◆ ENTRIES SUPPLIED
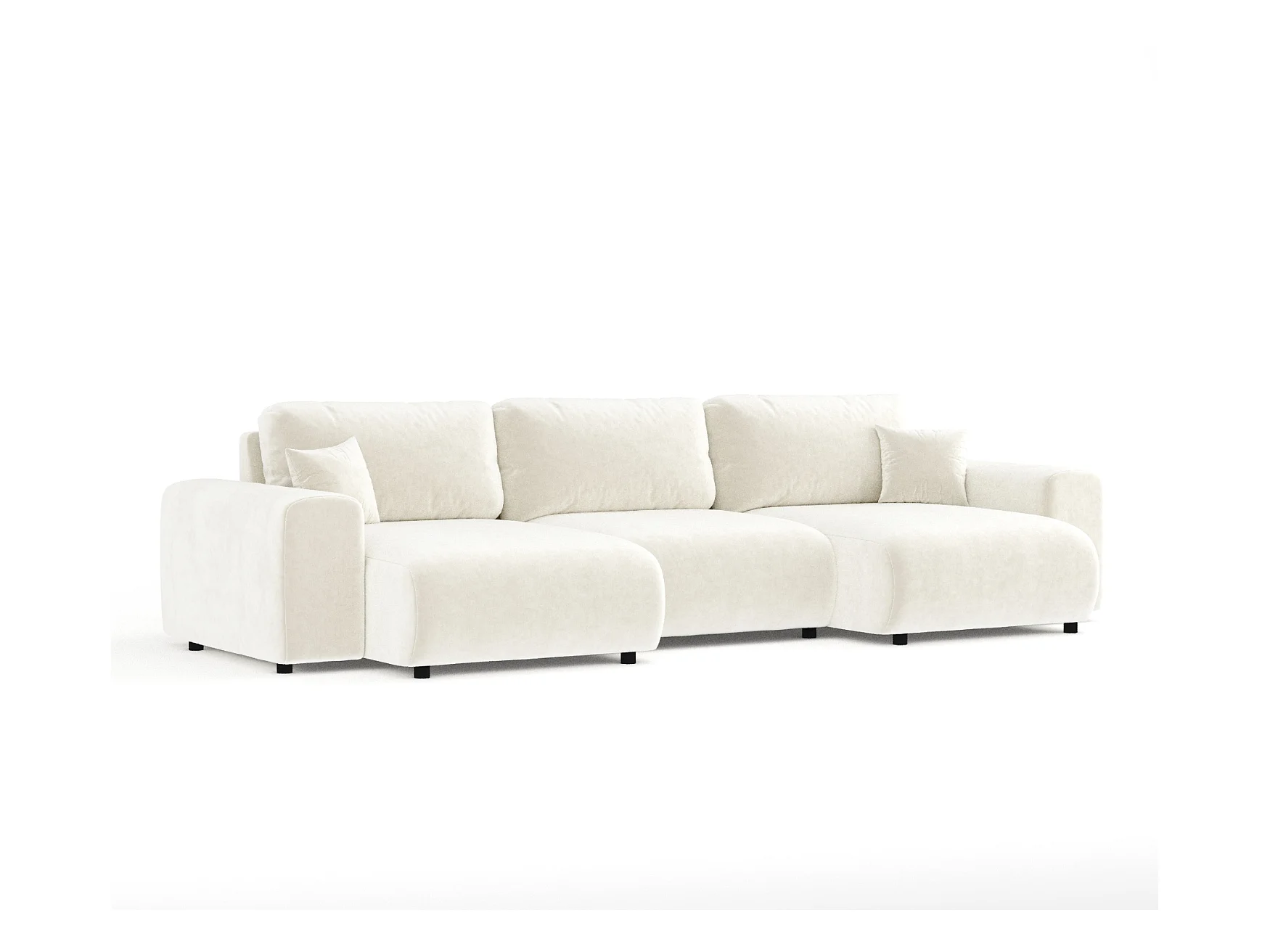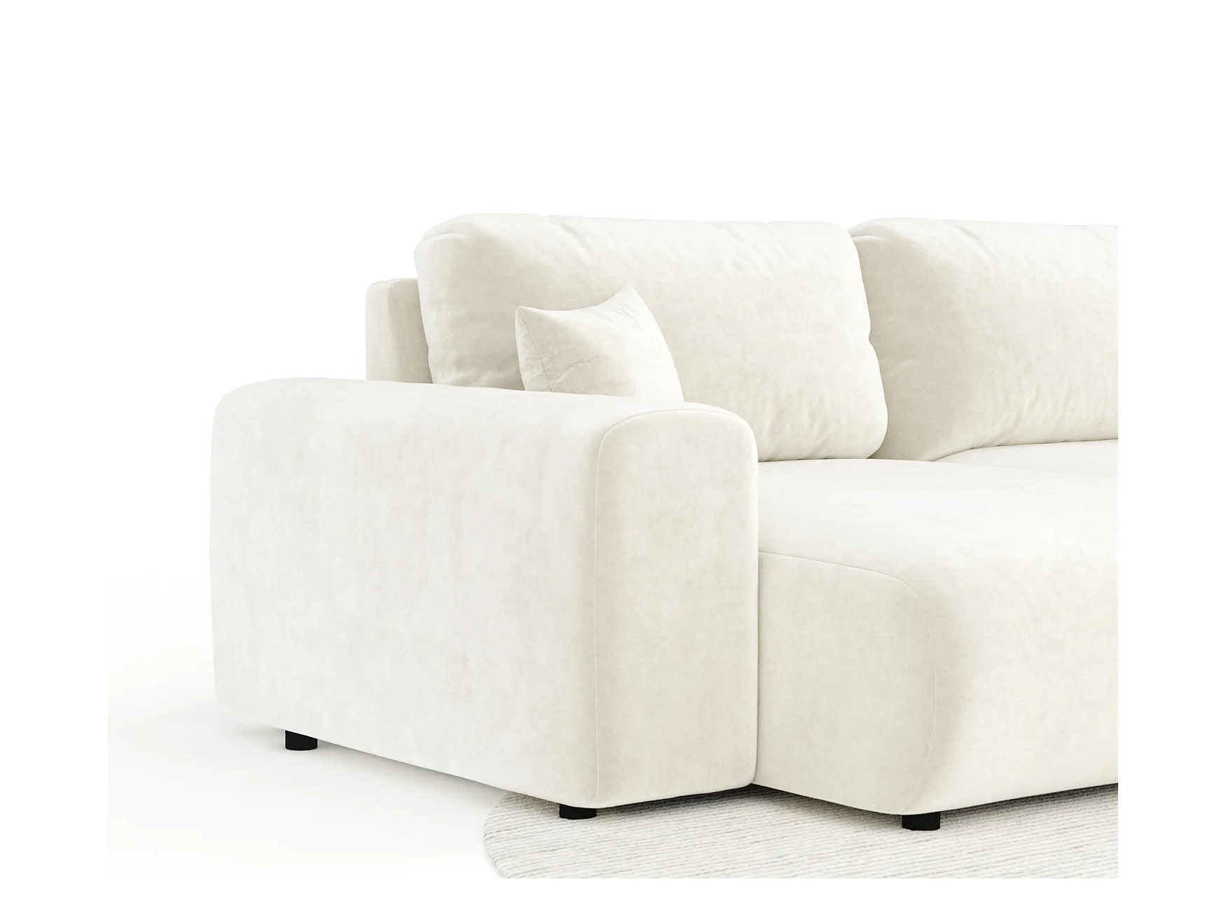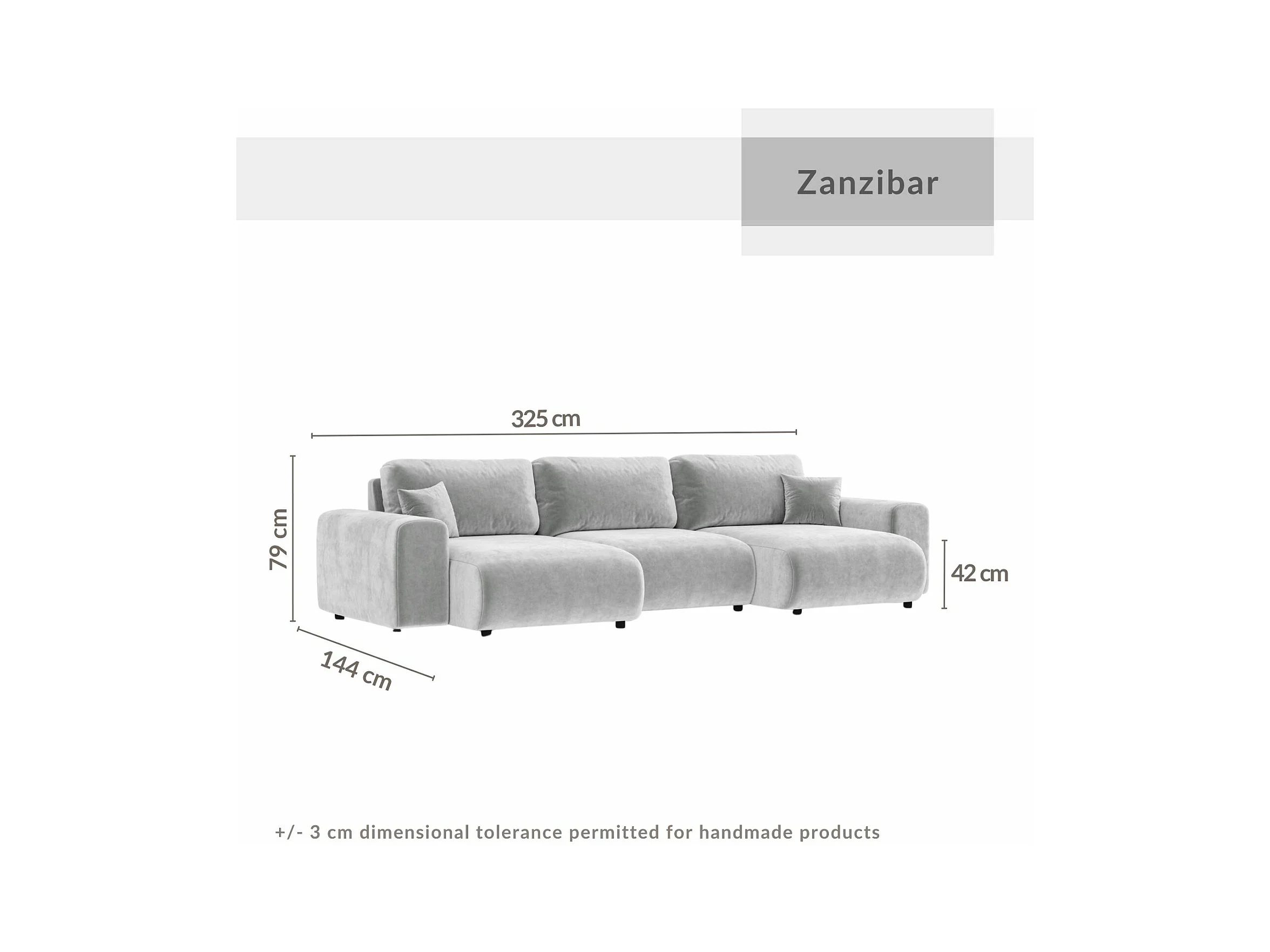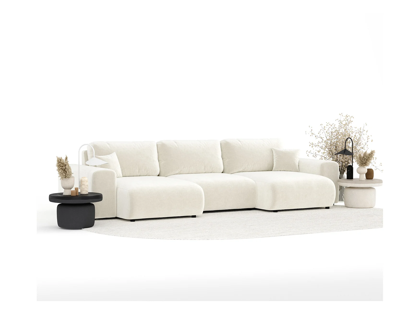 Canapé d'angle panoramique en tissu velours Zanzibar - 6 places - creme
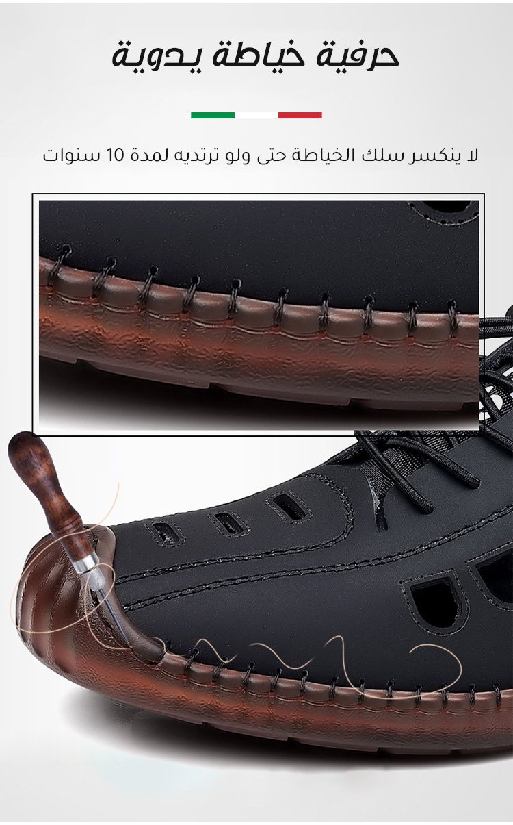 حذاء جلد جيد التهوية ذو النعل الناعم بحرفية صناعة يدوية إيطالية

==

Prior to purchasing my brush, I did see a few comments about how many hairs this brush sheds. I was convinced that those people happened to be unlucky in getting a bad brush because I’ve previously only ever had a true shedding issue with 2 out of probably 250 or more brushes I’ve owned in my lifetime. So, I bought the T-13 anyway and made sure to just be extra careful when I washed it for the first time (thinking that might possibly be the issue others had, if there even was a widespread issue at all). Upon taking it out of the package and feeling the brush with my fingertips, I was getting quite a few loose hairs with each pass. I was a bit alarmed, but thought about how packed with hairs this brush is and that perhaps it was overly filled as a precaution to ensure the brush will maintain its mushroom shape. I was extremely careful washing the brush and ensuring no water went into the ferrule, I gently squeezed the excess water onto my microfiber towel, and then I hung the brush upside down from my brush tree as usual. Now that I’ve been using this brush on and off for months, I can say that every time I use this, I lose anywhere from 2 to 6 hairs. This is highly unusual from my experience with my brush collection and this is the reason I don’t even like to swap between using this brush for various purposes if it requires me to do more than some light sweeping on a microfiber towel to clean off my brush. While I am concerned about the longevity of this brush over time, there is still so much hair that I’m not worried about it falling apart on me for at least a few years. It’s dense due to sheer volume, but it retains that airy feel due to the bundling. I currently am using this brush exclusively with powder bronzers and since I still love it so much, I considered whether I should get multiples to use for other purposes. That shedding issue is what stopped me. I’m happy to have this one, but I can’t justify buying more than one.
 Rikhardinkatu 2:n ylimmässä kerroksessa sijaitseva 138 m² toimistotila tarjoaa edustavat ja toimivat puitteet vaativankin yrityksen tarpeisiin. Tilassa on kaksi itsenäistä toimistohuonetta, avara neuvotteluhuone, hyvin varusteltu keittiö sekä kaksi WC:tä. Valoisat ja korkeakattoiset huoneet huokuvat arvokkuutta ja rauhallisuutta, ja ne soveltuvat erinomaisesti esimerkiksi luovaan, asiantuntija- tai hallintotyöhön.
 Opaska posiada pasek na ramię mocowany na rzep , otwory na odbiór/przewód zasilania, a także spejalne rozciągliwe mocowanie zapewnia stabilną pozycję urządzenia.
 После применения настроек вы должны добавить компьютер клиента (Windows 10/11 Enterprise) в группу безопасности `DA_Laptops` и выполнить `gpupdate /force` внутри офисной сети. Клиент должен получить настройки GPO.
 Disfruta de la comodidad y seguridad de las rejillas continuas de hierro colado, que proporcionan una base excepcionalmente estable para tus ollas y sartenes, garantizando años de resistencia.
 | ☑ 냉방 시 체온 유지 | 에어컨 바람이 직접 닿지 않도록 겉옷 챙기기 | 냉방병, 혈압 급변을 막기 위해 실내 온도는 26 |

◆ EXERCISE INSTRUCTIONS
Could you repeat exactly the lines above from the line with "После применения настроек" up to and including the line with "Disfruta de la", and only those?

◆ EXERCISE RESULT
 После применения настроек вы должны добавить компьютер клиента (Windows 10/11 Enterprise) в группу безопасности `DA_Laptops` и выполнить `gpupdate /force` внутри офисной сети. Клиент должен получить настройки GPO.
 Disfruta de la comodidad y seguridad de las rejillas continuas de hierro colado, que proporcionan una base excepcionalmente estable para tus ollas y sartenes, garantizando años de resistencia.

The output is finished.